Machine learning is gaining traction in areas such as customer insights and personalization, operational efficiency, fraud detection and security, customer service and support, sales and marketing, human resources, product development and financial forecasting and management, says Anesh Korla, EVP and COO at Encora in India.
ML engineers, data scientists, AI research scientists, and product managers are some of the roles seeing a surge in demand.
Om Prakash Shanmugam, senior vice president of engineering at VideoVerse, says there are many opportunities for mid-career professionals looking to transition into machine learning roles. Previously, getting started in AI/ML required deep technical expertise, but recent advancements have democratized access to the field, allowing individuals with basic knowledge to land in-demand roles, he explains.
Prompt Engineer, Data Scientist, AI Creative Professional, Data Annotator, AI Safety Engineer etc are some of the roles that are in high demand. Talking about the pay structure for these roles, he said it ranges from Rs 250,000 to Rs 100,000 per annum depending on experience and expertise.
Skills to learn for a smooth transition
According to Korla, to transition smoothly into a machine learning role, an individual needs both technical and non-technical skills. This includes proficiency in programming languages like Python, R, SQL for data manipulation, building data science models, and performing exploratory data analysis. Apart from these, machine learning frameworks like TensorFlow, PyTorch, Keras, expertise in using tools to work and process data, and a strong foundation in statistics and mathematics can be extremely helpful to understand and develop ML algorithms. Familiarity with cloud platforms and knowledge of MLOps tools can be equally important for deploying models and managing large-scale data. In Prakash’s opinion, proficiency in mathematics, logical problem solving, and reasoning are essential to master ML concepts. Also, as many ML responsibilities involve data processing, the ability to use Excel to crunch numbers and derive insights is essential. Individuals can also learn programming languages like Python and SQL for complex analytical and data manipulation tasks. He added that strong English language skills are a must for roles like prompt engineer and AI creative professional.
Courses to take
It can’t be overemphasized that continuous learning and upskilling are important for career advancement. Prakash says there are many courses and tutorials on platforms like YouTube, Udemy, and edX to land a job in machine learning. But for those specifically interested in prompt engineering, he recommends Deeplearning.ai’s “ChatGPT Prompt Engineering for Developers” and Openart.ai’s “PromptBook.” He adds that those who plan to learn how to build advanced AI models should start by learning the basics of Python with fast.ai’s course and Realpython.com.
Mid-career freelance opportunities in ML
Prakash said the machine learning industry is seeing a rise in demand for freelance and contract workers, especially for mid-level roles.
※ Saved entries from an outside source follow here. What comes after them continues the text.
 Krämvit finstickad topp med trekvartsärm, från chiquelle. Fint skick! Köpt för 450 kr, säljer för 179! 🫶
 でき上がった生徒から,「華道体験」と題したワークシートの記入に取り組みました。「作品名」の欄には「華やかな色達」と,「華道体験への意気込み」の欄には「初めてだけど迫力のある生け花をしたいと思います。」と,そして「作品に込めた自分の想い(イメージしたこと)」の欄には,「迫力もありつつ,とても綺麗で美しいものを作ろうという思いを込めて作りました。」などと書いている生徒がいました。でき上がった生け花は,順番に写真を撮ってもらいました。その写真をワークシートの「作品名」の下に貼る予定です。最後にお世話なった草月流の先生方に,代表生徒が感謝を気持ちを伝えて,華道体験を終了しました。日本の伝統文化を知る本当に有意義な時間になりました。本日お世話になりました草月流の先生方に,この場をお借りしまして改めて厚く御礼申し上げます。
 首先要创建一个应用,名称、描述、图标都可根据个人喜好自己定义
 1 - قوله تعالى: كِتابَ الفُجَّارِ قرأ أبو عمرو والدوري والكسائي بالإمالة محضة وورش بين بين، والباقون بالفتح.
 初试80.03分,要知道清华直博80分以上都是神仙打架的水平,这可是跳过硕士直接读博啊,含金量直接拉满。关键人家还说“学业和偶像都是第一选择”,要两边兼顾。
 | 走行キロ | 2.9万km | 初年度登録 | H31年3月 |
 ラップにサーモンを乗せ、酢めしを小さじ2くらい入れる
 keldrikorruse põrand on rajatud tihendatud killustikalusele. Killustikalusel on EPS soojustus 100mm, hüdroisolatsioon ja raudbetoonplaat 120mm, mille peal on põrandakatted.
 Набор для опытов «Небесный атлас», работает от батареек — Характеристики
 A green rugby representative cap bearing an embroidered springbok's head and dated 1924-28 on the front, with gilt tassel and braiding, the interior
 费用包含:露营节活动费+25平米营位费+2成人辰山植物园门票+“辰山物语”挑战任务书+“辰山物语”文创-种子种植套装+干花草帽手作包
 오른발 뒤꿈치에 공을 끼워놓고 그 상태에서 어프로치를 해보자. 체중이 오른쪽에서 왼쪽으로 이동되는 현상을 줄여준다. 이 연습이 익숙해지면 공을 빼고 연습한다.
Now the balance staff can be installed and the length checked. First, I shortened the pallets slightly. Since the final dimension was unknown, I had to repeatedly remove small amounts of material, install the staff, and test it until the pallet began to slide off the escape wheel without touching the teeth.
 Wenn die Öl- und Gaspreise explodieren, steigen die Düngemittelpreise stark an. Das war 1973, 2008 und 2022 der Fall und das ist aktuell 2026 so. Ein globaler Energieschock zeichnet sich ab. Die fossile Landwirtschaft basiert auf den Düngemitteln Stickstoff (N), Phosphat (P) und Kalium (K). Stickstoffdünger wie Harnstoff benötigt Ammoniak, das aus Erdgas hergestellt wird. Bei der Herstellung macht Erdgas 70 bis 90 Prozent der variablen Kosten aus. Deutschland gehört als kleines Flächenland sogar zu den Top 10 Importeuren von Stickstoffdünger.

He said advances in AI have increased the demand for freelance ML engineers. Currently, over 76% of B2B and B2C companies in India are developing AI-powered solutions, increasing the demand for skilled talent to fill such roles.
To grab freelance opportunities, you can look into online platforms that specialize in freelance machine learning opportunities, such as Upwork, Freelancer, Guru, and AI-focused platforms like ai-jobs.net. Such platforms connect skilled professionals with companies looking to leverage their AI and ML expertise as freelancers, he adds.